Поэтому эксцентрическое поведение хозяина не удивило меня в то утро, как не удивляло и раньше. Но когда мы выезжали, что-то подсказывало мне, что приближается опасность, что в атмосфере «вечно верного острова» накапливается электричество, готовое разразиться ужасной бурей; а молниями этой бури будут горящие дома, ее громом – рев пушек, а дождем – алая кровь.

Испытывая это неприятное предчувствие, которое никак не мог объяснить, я потерял всякий интерес к охоте и даже собирался совсем отказаться от нее.
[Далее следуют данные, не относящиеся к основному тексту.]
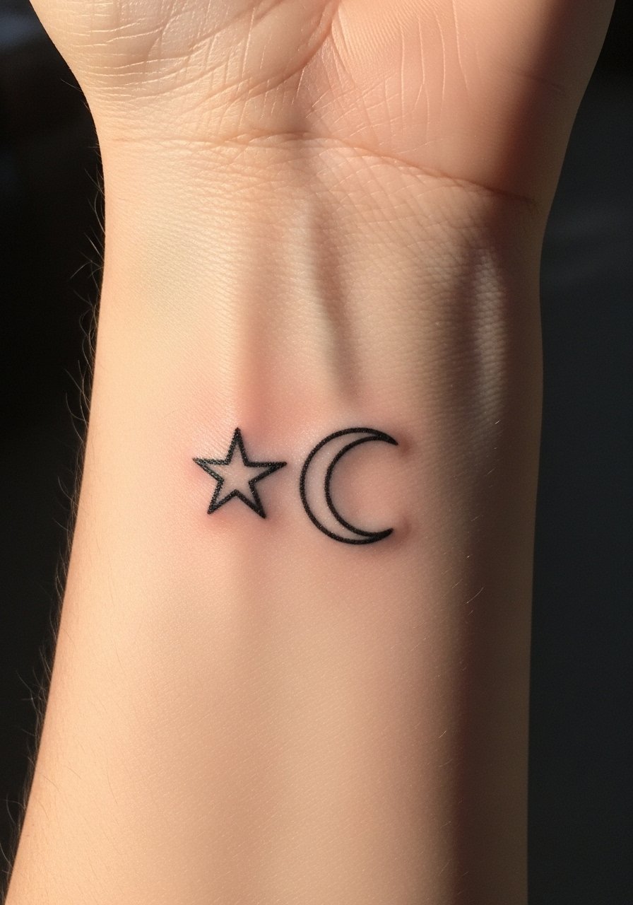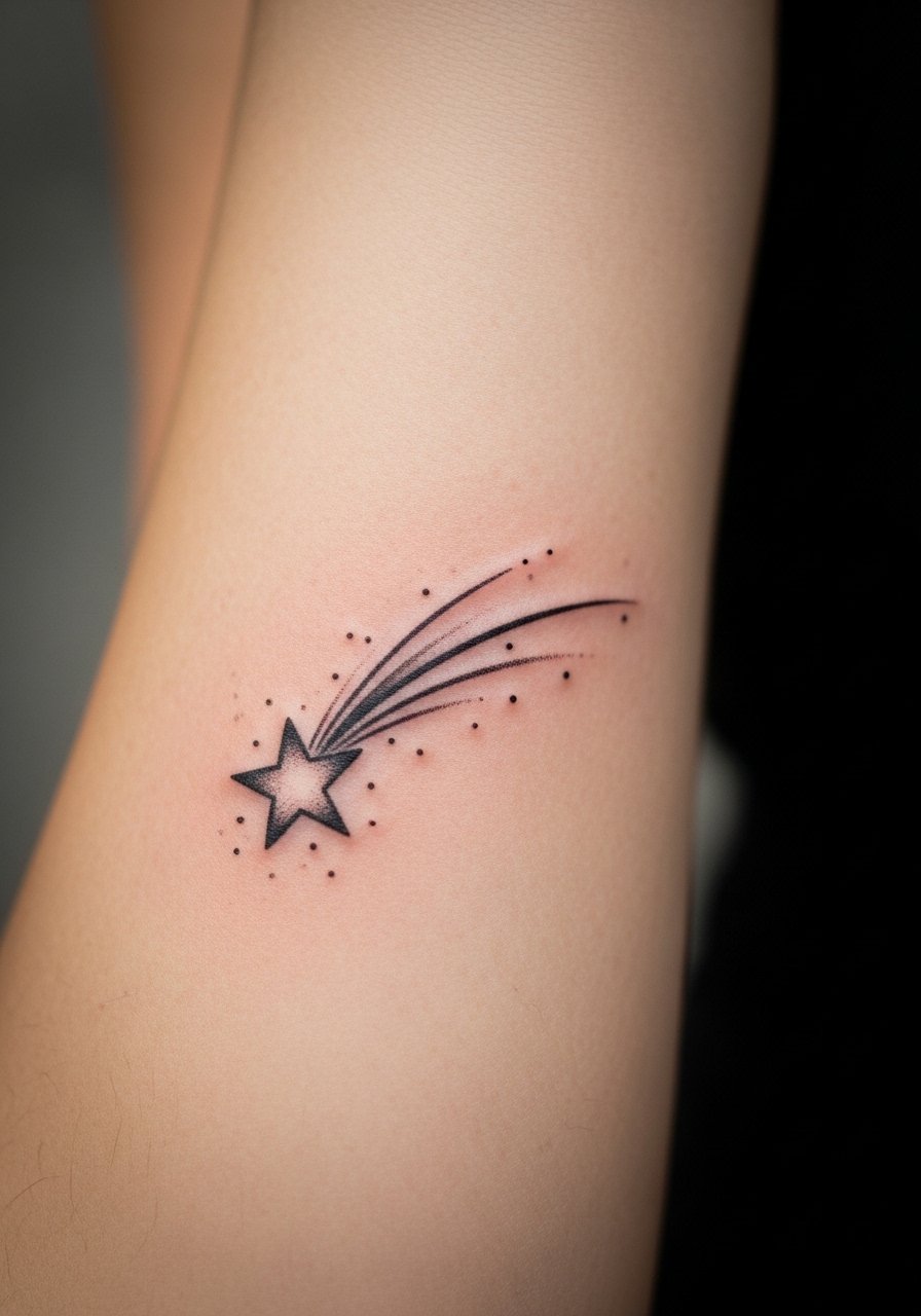 Shooting stars give motion to a tiny design. Forearm skin holds detail well. Expect normal surface healing in 2–3 weeks. Avoid overly thin trailing lines; they fade first.

Пребывание в доме казалось мне гораздо более привлекательным.

Но тут мне пришло в голову, что дону Мариано покажется странным, если я останусь в доме в его отсутствие; тем более что он видел меня верхом и готовым к отъезду. Он еще не знал о нежных отношениях, установившихся между мной и его сестрой.

Соображения деликатности решили дело: пришпорив лошадь, я двинулся вперед в сопровождении Гаспардо.

1

Свободная Куба, исп. – Прим. перев.

2

Хижина из дерева, исп. – Прим. перев.

3

С большим удовольствием, исп. – Прим. перев.

4

Двухколесный экипаж, распространенный в прошлом веке на Кубе; кучер сидит верхом на лошади. – Прим. перев.

5

Тетка, исп. – Прим. перев.

6

Железная дорога, исп. – Прим. перев.

7

Светлячки, исп. – Прим. перев.

8

Кофейная плантация, исп. – Прим. перев.

9

Энграсия, вы меня любите? – Люблю. Исп. – Прим. перев.

10

Город в Сицилии, в древности славившийся своим медом. – Прим. перев.

11

До свидания. До вечера, исп. – Прим. перев.